## Material provided
◆ ◆ ◆ ◆ ◆ ◆ ◆

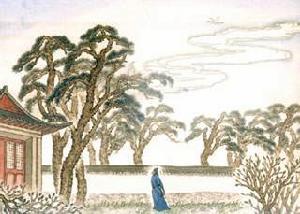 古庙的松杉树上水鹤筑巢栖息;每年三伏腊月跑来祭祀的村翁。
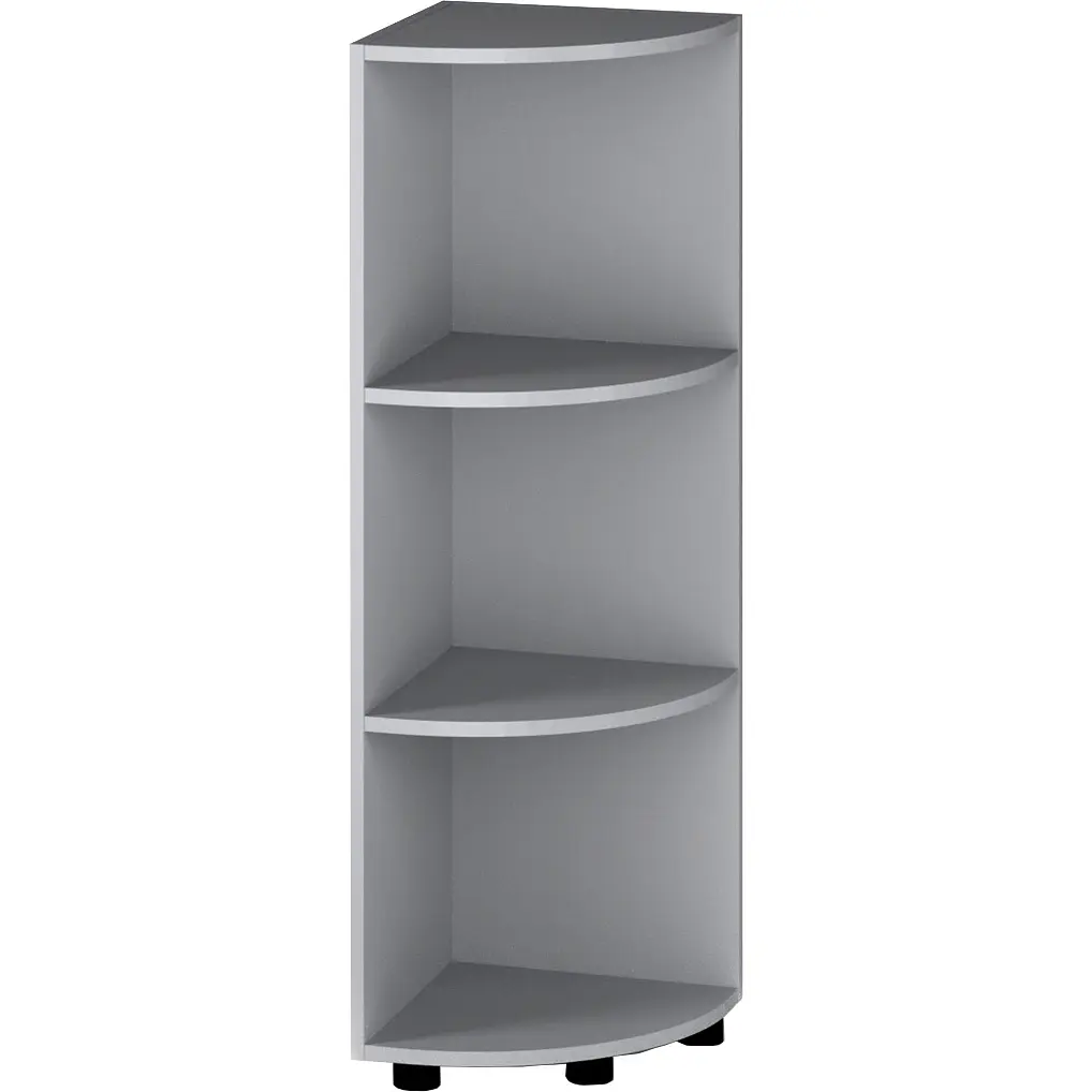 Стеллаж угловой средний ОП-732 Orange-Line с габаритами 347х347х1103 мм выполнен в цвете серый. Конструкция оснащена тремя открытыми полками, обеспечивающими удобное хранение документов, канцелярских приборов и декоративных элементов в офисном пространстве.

◆ ◆ ◆ ◆ ◆ ◆ ◆

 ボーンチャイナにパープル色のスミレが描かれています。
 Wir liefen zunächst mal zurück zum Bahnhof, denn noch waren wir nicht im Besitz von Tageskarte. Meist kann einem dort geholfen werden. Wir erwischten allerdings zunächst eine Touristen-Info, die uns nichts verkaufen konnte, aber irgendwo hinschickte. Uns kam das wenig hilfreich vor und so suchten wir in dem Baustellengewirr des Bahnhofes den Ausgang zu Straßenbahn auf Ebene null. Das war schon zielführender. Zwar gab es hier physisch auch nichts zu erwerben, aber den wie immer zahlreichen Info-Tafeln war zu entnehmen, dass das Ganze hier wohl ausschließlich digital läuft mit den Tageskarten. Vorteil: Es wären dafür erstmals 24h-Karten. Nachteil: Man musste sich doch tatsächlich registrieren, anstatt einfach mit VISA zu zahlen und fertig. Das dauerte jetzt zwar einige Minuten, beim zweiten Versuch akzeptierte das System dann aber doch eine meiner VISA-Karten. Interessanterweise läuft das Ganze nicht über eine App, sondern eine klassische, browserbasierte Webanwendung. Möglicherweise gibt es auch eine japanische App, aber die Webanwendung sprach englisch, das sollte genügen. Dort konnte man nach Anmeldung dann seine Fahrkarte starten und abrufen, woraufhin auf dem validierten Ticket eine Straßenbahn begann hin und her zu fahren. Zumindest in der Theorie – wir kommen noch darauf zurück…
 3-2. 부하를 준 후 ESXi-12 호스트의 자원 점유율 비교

◆ ◆ ◆ ◆ ◆ ◆ ◆

## Assignment
All lines above starting at the one with "古庙的松杉树上水鹤筑巢栖息;每年三伏腊月跑来祭祀的村翁。" and ending at the one with "Стеллаж угловой средний", inclusive, are to be printed again exactly, with the pictures left out.

## Solution for this task
 古庙的松杉树上水鹤筑巢栖息;每年三伏腊月跑来祭祀的村翁。
 Стеллаж угловой средний ОП-732 Orange-Line с габаритами 347х347х1103 мм выполнен в цвете серый. Конструкция оснащена тремя открытыми полками, обеспечивающими удобное хранение документов, канцелярских приборов и декоративных элементов в офисном пространстве.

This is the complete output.